Zwar hat sich das Akronym VUCA eingeprägt, doch meiner Ansicht nach sollte es besser CUVA heißen, denn Komplexität ist vermutlich die größte der vier Schwierigkeiten. Komplexität, Ungewissheit, Volatilität und Ambiguität sind eng miteinander verknüpft, und ausgehend von der ersten Dimension können wir alle anderen verstehen und angehen. Komplexität ist für die meisten Führungskräfte die zentrale Herausforderung. Wenn Sie die Komplexität Ihrer Organisation und Ihres Umfelds durchschauen, können Sie Ungewissheiten vorwegnehmen, was Ihnen wiederum den Umgang mit Volatilität und Ambiguität erleichtert.

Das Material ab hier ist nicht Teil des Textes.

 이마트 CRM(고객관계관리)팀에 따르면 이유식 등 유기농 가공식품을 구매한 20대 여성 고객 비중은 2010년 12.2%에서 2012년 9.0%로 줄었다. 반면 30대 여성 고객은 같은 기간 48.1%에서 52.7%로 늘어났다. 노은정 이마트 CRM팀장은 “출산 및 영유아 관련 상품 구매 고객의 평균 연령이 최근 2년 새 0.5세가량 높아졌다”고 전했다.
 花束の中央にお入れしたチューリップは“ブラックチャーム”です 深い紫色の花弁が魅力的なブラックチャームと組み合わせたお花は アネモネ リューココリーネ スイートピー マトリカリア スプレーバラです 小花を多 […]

KOMPLEXITÄT bedeutet, dass unser jeweiliges Interessensgebiet (zum Beispiel die Produktentwicklung) zahlreichen miteinander zusammenhängenden Variablen unterliegt, deren Zusammenwirken wir mit unseren begrenzten kognitiven Fähigkeiten kaum noch durchschauen können. Ein Krankenhausbetreiber mit mehreren Zehntausend Beschäftigten, der täglich in Hunderten Einrichtungen unter intensivem Geräteeinsatz und mit zahllosen Behandlungsmethoden viele Tausend Patienten versorgt, ist an sich ein komplexes Unterfangen. Aufgrund dieser Komplexität wird es für Führungskräfte schwer, ein gutes »mentales Modell« ihres Unternehmens zu entwickeln und vorherzusehen, was passiert, wenn sich an einem beliebigen Punkt etwas verändert. Strategische Denker sind in der Lage, mit Komplexität umzugehen, weil sie verstehen, wie Systeme funktionieren, und weil sie ihre Aufmerksamkeit auf das richten können, was wirklich wichtig ist.

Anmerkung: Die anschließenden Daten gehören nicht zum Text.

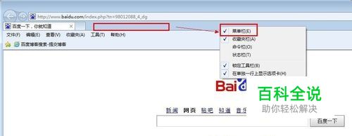利用浏览器自带管理软件设置: 打开浏览器, 鼠标单击右键, 选择菜单栏, 如果已经选上的可以直接跳过这一步。 选择工具-internet选项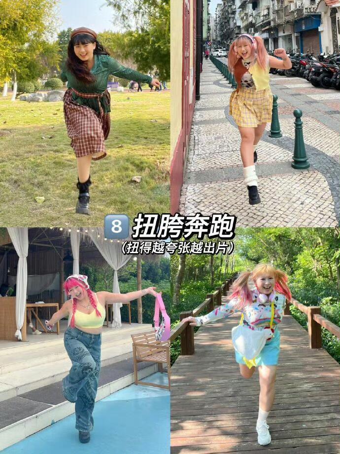 拍照时,夸张的动作往往能够带来意想不到的效果。扭胯奔跑的动作能够让整个身体线条更加流畅,手臂的摆动则能让照片看起来更加动感十足。这个姿势简单又好学,能够轻松拍出显瘦好看的照片。

UNGEWISSHEIT bedeutet, mit Situationen umzugehen, die mehrere konkrete Verläufe nehmen können, deren tatsächliche weitere Entwicklung jedoch nicht vorhersehbar ist, auch wenn Sie noch so viele Informationen zur Verfügung haben. Das kann zum Beispiel daran liegen, dass das Ergebnis von einer Vielzahl kleiner Faktoren abhängig ist. Im Falle des Gesundheitswesens kann sich zum Beispiel die Gesetzeslage, die starken Einfluss auf die Branche hat, nach jeder nationalen und regionalen Wahl verändern. Strategische Denker isolieren die einflussreichsten Ungewissheiten, wägen Wahrscheinlichkeiten ab und erforschen die Implikationen plausibler Szenarien.

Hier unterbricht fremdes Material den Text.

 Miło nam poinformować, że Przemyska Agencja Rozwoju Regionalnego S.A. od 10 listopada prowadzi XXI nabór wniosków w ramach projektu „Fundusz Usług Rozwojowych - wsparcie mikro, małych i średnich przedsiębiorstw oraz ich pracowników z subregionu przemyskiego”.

VOLATILITÄT bedeutet, dass wichtige Faktoren – zum Beispiel der Ölpreis – raschen und starken Schwankungen unterliegen können. Deshalb ist es schwierig, ihnen zu folgen und sich auf Veränderungen einzustellen. Im Gesundheitswesen können aus dem Nichts Konkurrenten auftauchen, die sich auf die profitabelsten Geschäftsbereiche stürzen und bestehende Geschäftsmodelle über den Haufen werfen. Das hohe Tempo der technischen Innovation verlangt von uns, dass wir wissen, wann und wo wir uns anpassen müssen. Strategische Denker sind in der Lage, neue Chancen und Risiken vorzeitig zu erkennen und schnell auf sie zu reagieren.